Rereading the Armament of Igor in a time of war

Were it not seemly to us, brothers,
To begin in ancient diction
The tales of the toils of the army
Of Igor, Igor Svyatoslavič?

Or to begin this song
In accordance with the ballads of this time,
And not like the invention of Boyan?
One of the few stabs I’ve made at reading again so far this year has been a reread of The Tale of the Armament of Igor. This poetic lamentation of a failed attempt by a prince of Rus’, Igor Svyatoslavič, to stage a raid on the attacking Cumans is the earliest extant example of literature in the Old Russian language, dating to the late 1100s. In addition to the themes of heroism in hopeless battles, grief and exile, the Tale also spends a great deal of time exhorting the princes of Rus’ to put aside their personal ambitions and greed, and unite in the face of a common enemy.

I found a great deal more in it on this third read-through than on my first. The poem rises and falls in mood, between the high triumphant martial imagery of Igor’s exhortations to the defence of the Russian land, and the vast desolate lamentation of Yaroslavna on the walls of Putivl, and finally returning again to a tone of hope in the voice of the poet Boyan. There is much in this poem that is still obscure to me, and that may be owing to my poor Russian.

However, I am still struck by the beauty of the natural imagery of the poem. One can almost hear the cries of falcons, the calls of magpies and crows, in the verse itself. The rivers speak, especially the Donets River with whom Igor converses in his Cuman exile (and which is today still the site of tragic bloodletting and destruction between brothers). The poet invokes the sun and the aurora borealis. Yaroslavna invokes the wind and the sky in her lamentations.
For brother spake to brother: ‘This is mine, and that is also mine!’
And the princes began to pronounce of a paltry thing, ‘This is great,’
And themselves amongst them to forge feuds…
I have found myself unable to write, and increasingly unable to read productively, on account of the war. I am caught between a love of Russia which rebukes their paranoia, and a love of the Ukraine which reproaches their pride and greed, and to see them fall upon each other with this insane bloodlust—Ukrainians against the civilians of Seversky Donets; and Russians against the Ukrainians—breaks the heart.
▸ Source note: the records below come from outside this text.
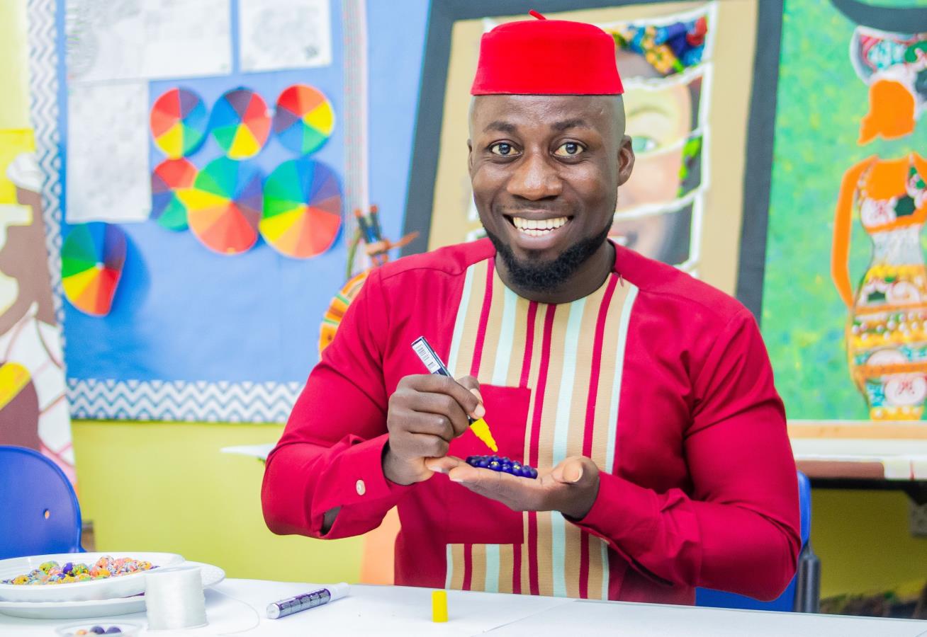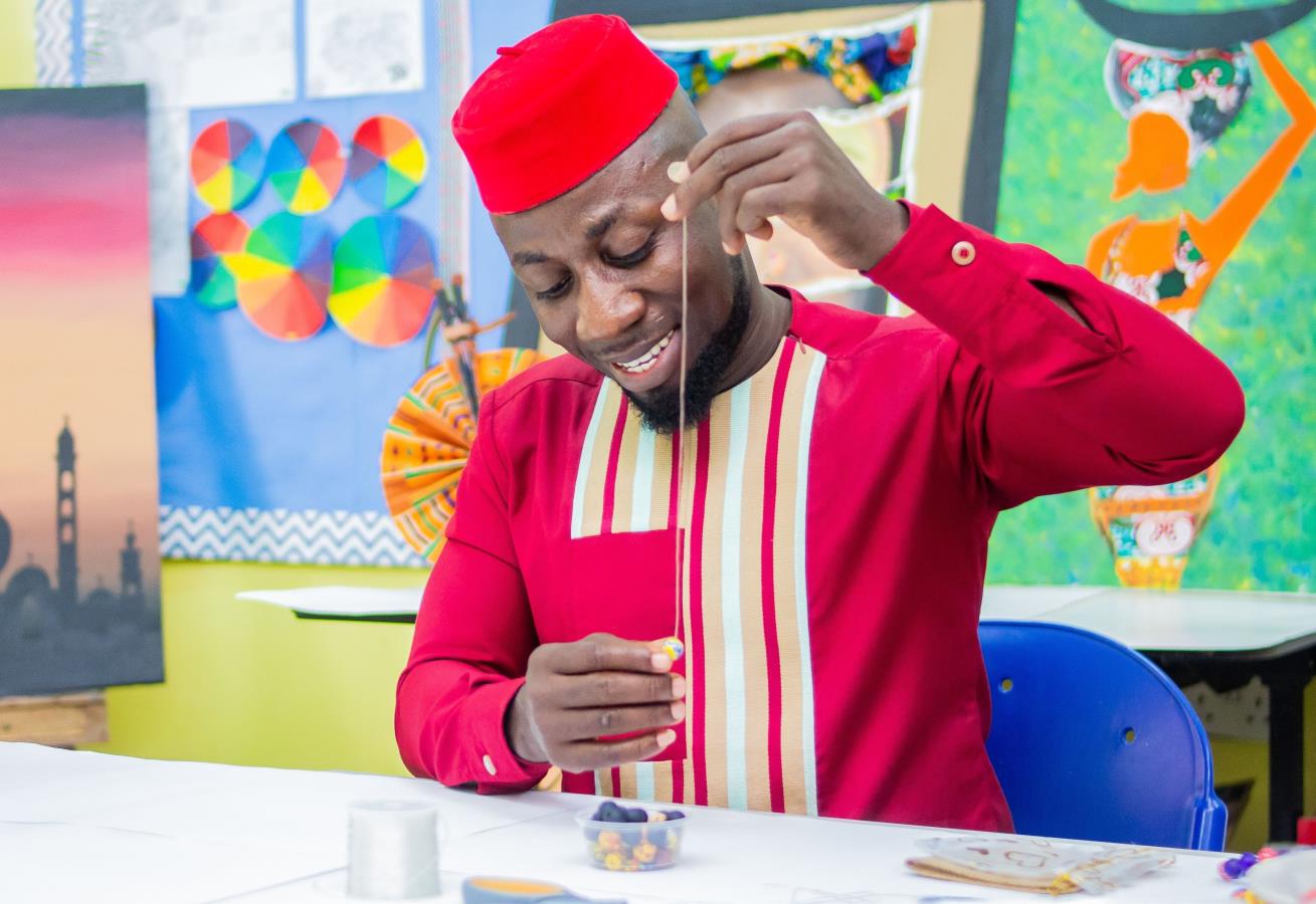 Mr. Kingsley was charming and informative and made both my kids (4yo and 7yo) feel at ease. He sent plenty of interesting links ahead of time about beads in Ghana, which my older daughter enjoyed reading. She probably would have enjoyed some general information about Ghana as well.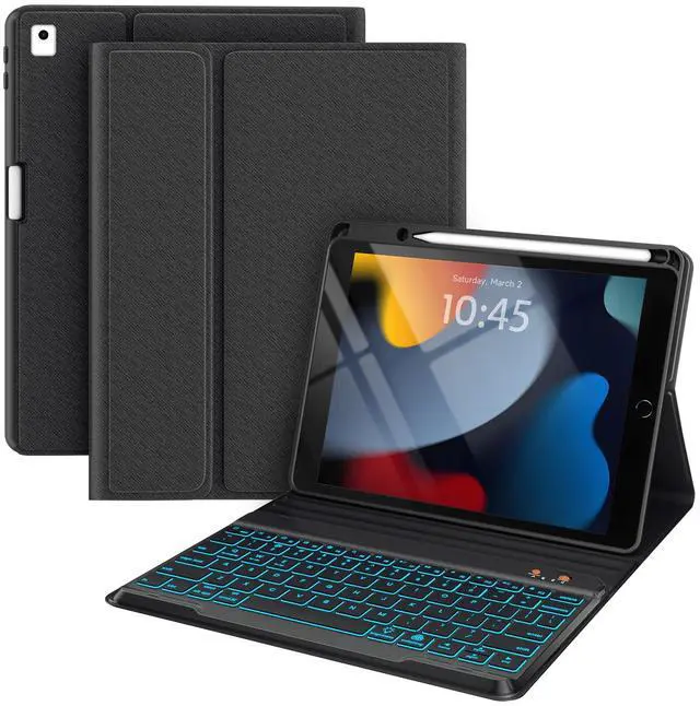 iPad Air 3 10.5" Keyboard, Case with Pencil Holder for iPad 10.5", Smart Folio Keyboard for iPad 7th/8th Gen 10.2", Tablet Keyboard Cover(Black) PRODUCTS ADVANTAGE & FEATURES Wireless detachable keyboard connectivity within 10 feet, makes typing on the iPad as a laptop PU leather case and precise cut-out protects iPad from drops and falls Anti-slip groove design provides multiple viewing angles Built-in pencil holder provide a place nicely secure your stylus pen Scissor key structure provides soft and smooth typing experience Auto sleep/wake Function saves a lot of life for your iPad COMPATIBLE DEVICE *Only fit for ipad 8th Gen 10.2'' 2020-Model NO. A2270/A2428/A2429 * Only fit for iPad 7th Gen 10.2'' 2019 -Model NO. A2197/A2198/A2200 *Only fit for iPad Air 3 10.5'' 2019 -Model NO.A2152/A2123/A2153* Only fit for Pad Pro 10.5 inch 2017 released -Model A1701/A1709 HOW TO CONNECT THE BACKLIT KEYBOARD * Open the cover, turn ON the keyboard * Turn on the Bluetooth of your iPad 10.2 inch 2019 Released * Click "Connect" keys to open the Bluetooth of the keyboard * Go to your iPad bluetooth setting, click on bluetooth and look for Bluetooth Keyboard" in the searching page, just select it NOTE 1. Please charge your keyboard for 2~3 hours the first time you use 2. Turn on the keyboard, the power indicator will flash about 3 seconds then goes off 3. When use it for the second time: only need to turn on your tablet Bluetooth and keyboard power, press any key on the keyboard. Then it will automatically connect (No need to click"BT keyboard" on the iPad screen, also don't press "CONNECT" button on the keyboard , otherwise, it will show Not Connection) PACKAGE CONTENT 1 * Wireless Keyboard Case (No Stylus Pencil or mouse mad) 1 * Micro USB Charge Cable (No charger) 1 * User Manual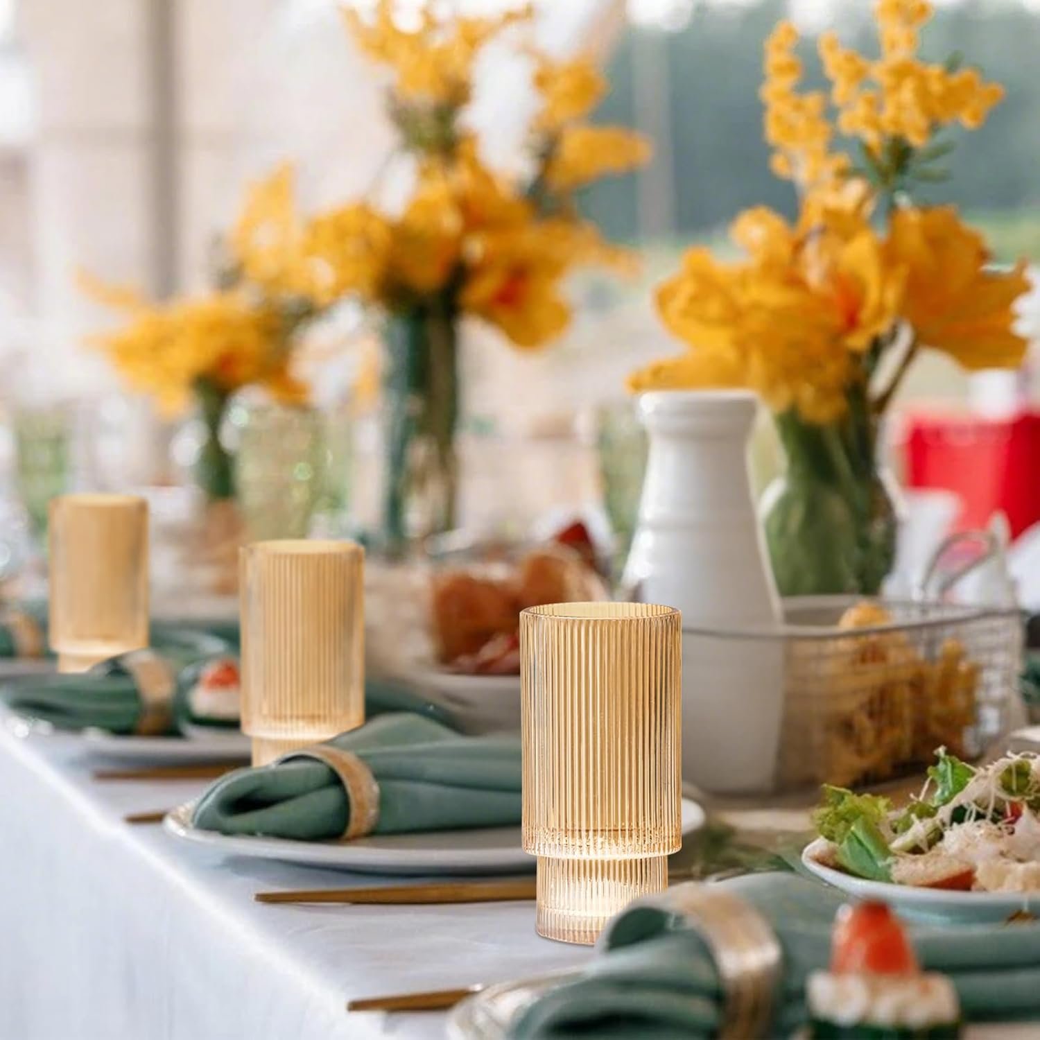 3 reviews for 12 oz Ribbed Drinking Glasses Set of 6, Clear Vintage Iced Coffee Cups Elegant Glassware, Highball Glass Cups Ridged Glass Tumbler for Cocktail, Whiskey, Beer, Water, Juice, Origami Style Amber

Once again, ‘Kiev groaned with mourning, and Černigov with disasters.’ I find that I resonate much more, given the state of current events, with the lamentations of Svyatoslav over the deaths of his sons, and that of Yaroslavna over the fate of Igor.
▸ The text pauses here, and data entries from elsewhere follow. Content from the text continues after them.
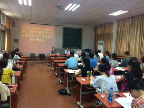 2017年8月18日至8月21日,苏州市金阊实验中学骨干教师及班主任教育信息化高级研修班在华中师范大学成功举办。8月19日上午,本次研修班开班仪式在华中师范大学研究生院一楼报告厅举行,华中师范大学国家数字化学习工程技术研究中心副部长马兰、苏州市金阊实验中学校长陈荔等出席了开班仪式。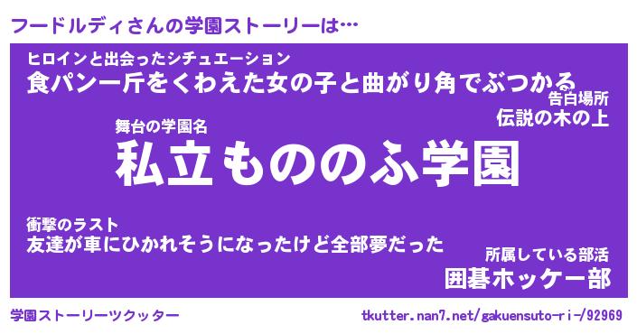 | 男性向けラノベタイトル風あだ名 | 『フードルディの憂鬱』 |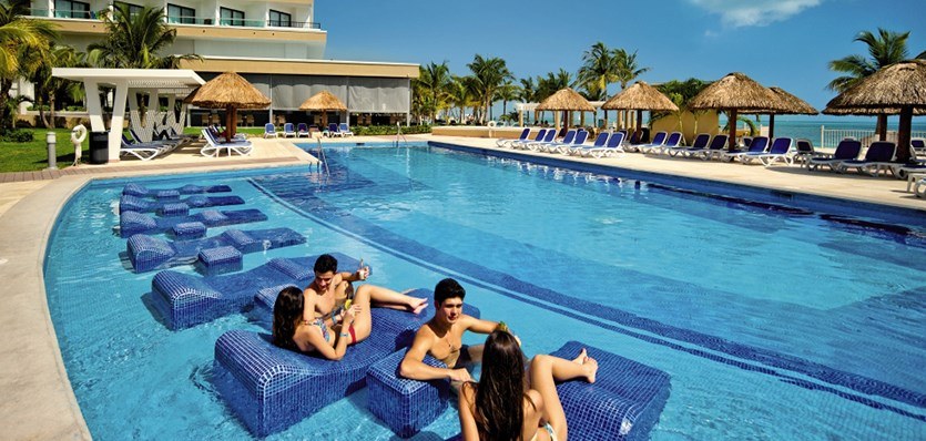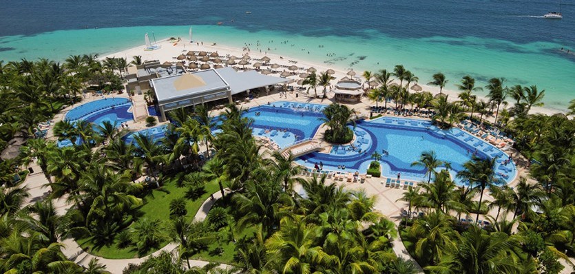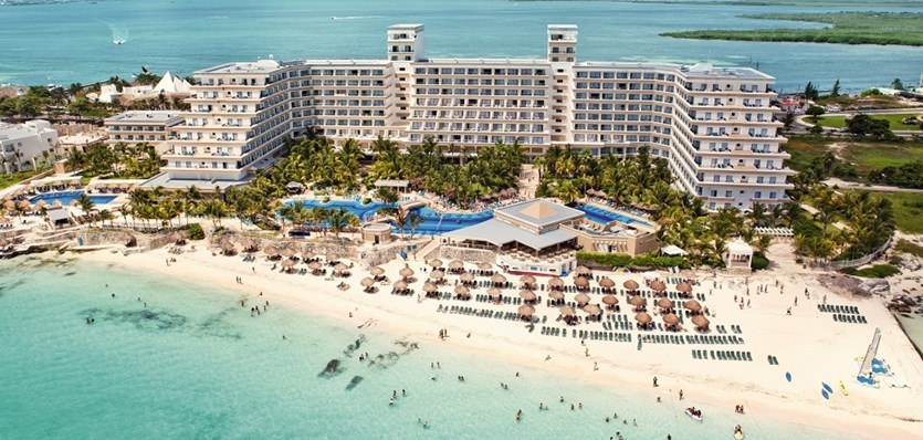 The Hotel Riu Caribe (24h All Inclusive) is located in the hotel area of Cancun, Mexico, in a seafront location on a beach with turquoise water and fine sand.

This is a conflict which would not have happened, if the Russian leadership had not, under the fear of a threat to its borders, been goaded into an attack by the provocations of the Western powers on the Black Sea. This is also, much more so, a conflict which would not have happened if the Ukrainian oligarchs who foisted the Maidan upon them in 2014 at the instigation of the same Western powers, had not said to the people of Donetsk and Lugansk oblasts, ‘this is mine, and that is also mine’—and then sent in the SBU and the fascist paramilitaries to destroy them. I hate that the people of the Donbass have been dying needlessly for the past eight years at the hands of their own government, and I hate more that Ukrainians are dying still in numbers equally great, at the hands of an attacking army. Most of all I hate the injustices and machinations and engineered policies of division and exploitation in Washington and London that brought all of this about.
Then in the time of Oleg, Boris wrought for evil: feuds were sown and grew apace.
The life of the scion of Dažbog was wasted,
In the factions of the princes and the generations of mankind were shortened.
What more can be said now? Perhaps the Russian band Aria said it already with their elegiac ‘Ballad of an Old Russian Warrior’:


Or perhaps the anonymous poet in the tradition of Boyan said it best: Далеко! Ночь меркнет.